Para desgracia del Gobierno, la galería de los Presidentes es, en el imaginario popular, una colección de frases tanto como de rostros. El gobierno de Bachelet es y será el de la retroexcavadora. No fue un gobierno revolucionario, pero en comparación con los que le antecedieron, bastaron sus esfuerzos por cambiar el modelo de lo que cabía al Estado en la regulación y provisión de la educación, unos anuncios nunca concretados en previsión y salud y algunos desaciertos en las fórmulas de reemplazo, para que quedara asociado con la imagen de esa máquina más apta para destruir un edificio que para construir otro. ¿Cuántos votos le restó esa imagen a la Nueva Mayoría cuando volvió a pedir se le renovara la confianza? ¿Y los patines de los alumnos aventajados? ¿Acaso no instaló la idea de que la igualdad se procuraba tanto o más restando privilegios que superando las desventajas? Más poderosas que mil discursos, esas breves frases instalan en el imaginario público la impronta de un gobierno.
Cuando murió Aylwin, no fue casual que fuera enterrado al son de aquella frase en que, contra pifias y abucheos, porfió en sostener que Chile era la patria donde convivirían civiles y militares. ¿Acaso alguna otra podría resumir mejor a un gobierno que buscó restaurar la reconciliación en Chile? Y la otra, la que tanto criticaron aquellos que ven la política como el arte del testimonio, esa de la justicia en la medida de lo posible, imagen perfecta para reflejar un gobierno realista que entendió que su misión era obtener resultados que corrieran la frontera de lo posible.

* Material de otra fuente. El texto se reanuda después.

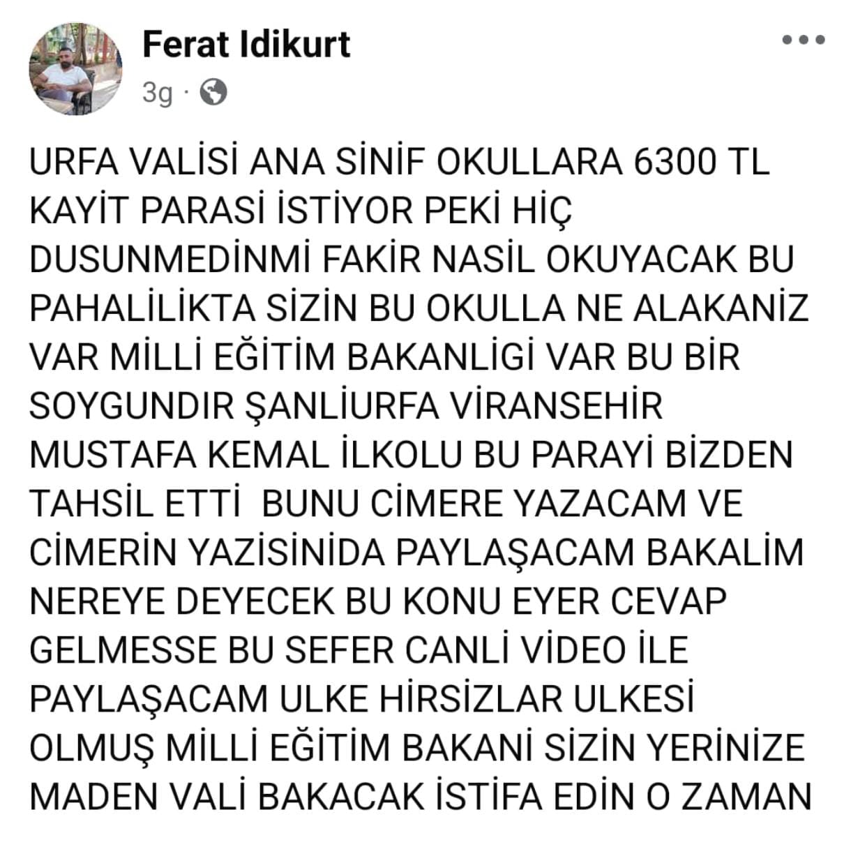 Şanlıurfa’da da bir yurttaş sosyal medya hesabından kentin Valisine çağrıda bulunarak, anaokulunun kayıt için 6 bin 300 lira istediğini ifade etti.

El de Lagos quedó asociado a la frase suya de dejar que las instituciones funcionen. Es que esa breve expresión permite evocar privilegiadamente el esfuerzo de ese gobierno por meter en la cintura democrática a las "fuerzas fácticas" de la transición, mediando una reforma constitucional que puso término a casi todos los "enclaves autoritarios" y empujando para que el Poder Judicial privara a Pinochet de sus privilegios como senador, lo procesara y lo sometiera a arresto domiciliario. Todo eso es muy largo de contar y se evoca bien con lo de dejar que las instituciones funcionen.
Salvador Allende, cualquiera sea el juicio que tengamos de su gobierno, ha quedado arropado en la historia con lo de las anchas alamedas, pues nada evoca mejor su resistencia y heroica muerte en medio del bombardeo a La Moneda.
Las palabras nos constituyen. Unas pocas bastan para que escojamos una profesión de por vida, nos comprometan para siempre o por largo tiempo con una pareja, nos hagamos miembros de una colectividad o nacionales de una patria. La forma en que este o cualquier gobierno se comunica no es pura anécdota, como quiere convencernos el Presidente.
El ministro de Educación lleva varios intentos por asociar a este gobierno con una de sus frases. La última no es baladí. No llamó a hacer bingos para pagar el viaje de estudios de los terceros medios o para comprar café para la sala de profesores, sino para reparar techos que se gotean. La frase quiere decir que no es el Estado, sino el esfuerzo de las familias el que debe garantizar que ningún niño se moje en una sala de clases, condición necesaria para hablar de una educación de calidad. Este opositor hace votos por que ese modo de entender la función del Estado no termine siendo el sello de este gobierno. Del Presidente depende huir de esa mala imagen.